Some entries follow. Reproduce exactly the lines starting at the one with "Aliás, ela claramente" and stopping after the one with "The design reads".

*** Opening Supplied records ***

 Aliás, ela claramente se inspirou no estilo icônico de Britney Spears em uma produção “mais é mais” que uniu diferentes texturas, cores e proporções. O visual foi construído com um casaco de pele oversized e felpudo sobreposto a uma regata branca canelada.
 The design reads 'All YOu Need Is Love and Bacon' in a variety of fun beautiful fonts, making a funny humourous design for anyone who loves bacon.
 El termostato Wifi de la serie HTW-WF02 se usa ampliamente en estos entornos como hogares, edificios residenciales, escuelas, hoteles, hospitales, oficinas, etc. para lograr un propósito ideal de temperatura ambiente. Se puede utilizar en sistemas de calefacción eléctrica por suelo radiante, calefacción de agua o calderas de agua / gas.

*** Closing Supplied records ***
*** Opening Supplied records ***

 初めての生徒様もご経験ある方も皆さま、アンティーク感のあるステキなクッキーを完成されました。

*** Closing Supplied records ***

- _Exercise result_:
 Aliás, ela claramente se inspirou no estilo icônico de Britney Spears em uma produção “mais é mais” que uniu diferentes texturas, cores e proporções. O visual foi construído com um casaco de pele oversized e felpudo sobreposto a uma regata branca canelada.
 The design reads 'All YOu Need Is Love and Bacon' in a variety of fun beautiful fonts, making a funny humourous design for anyone who loves bacon.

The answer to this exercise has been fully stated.